SECURITIES AND EXCHANGE COMMISSION
Washington, D.C. 20549
FORM 8-K
CURRENT REPORT
Pursuant to Section 13 or 15(d) of the Securities Exchange Act of 1934
Date of Report (Date of earliest event reported) December 1, 1997
CONAM REALTY PENSION INVESTORS L.P.
formerly known as
HUTTON/CONAM REALTY PENSION INVESTORS
(Exact name of registrant as specified in its charter)
New York 0-13330 11-2673854
State or other jurisdiction Commission IRS Employer
of incorporation File Number Identification No.
1764 San Diego Avenue
San Diego, CA 92110 Attn.: Robert J. Svatos 92110-1906
Address of principal executive offices Zip Code
Registrant's telephone number, including area code (619) 297-6771
Item 4. Changes in Registrant's Certifying Accountants
Effective December 1, 1997, the Registrant advised Coopers & Lybrand
that it was changing accounting firms and engaged KPMG Peat Marwick.
Coopers and Lybrand report on the financial statements for the years
ended December 31, 1995 and December 31, 1996 contained no adverse
opinion or disclaimer of opinion and was not qualified as to
uncertainty, audit scope or accounting principles. There have been
no disagreements with Coopers and Lybrand on any matters of
accounting principles or practices, financial statement disclosure,
or auditing scope procedure.
The Registrant has requested Coopers & Lybrand to provide a letter
addressed to the Commission stating whether it agrees with the
information disclosed above.
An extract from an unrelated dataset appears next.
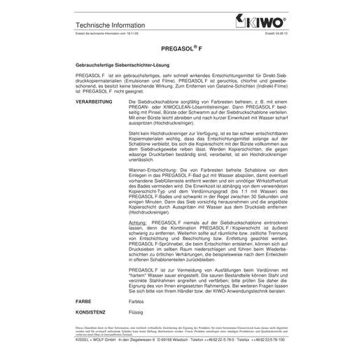Pregasol F Solution de nettoyage prête à l’emploi pour éliminer les résidus sur l’écran. Il est inodore, sans chlore et non corrosif.

Such letter will be filed subsequently
by amendment pursuant to paragraph (a)(3) of Item 304 in Regulation
S-K.
The decision to change accountants was approved by ConAm Property
Services III, Ltd. the General Partner of the Registrant.
SIGNATURES
Pursuant to the requirements of the Securities Exchange Act of 1934,
the registrant has duly caused this report to be signed on its
behalf by the undersigned hereunto duly authorized.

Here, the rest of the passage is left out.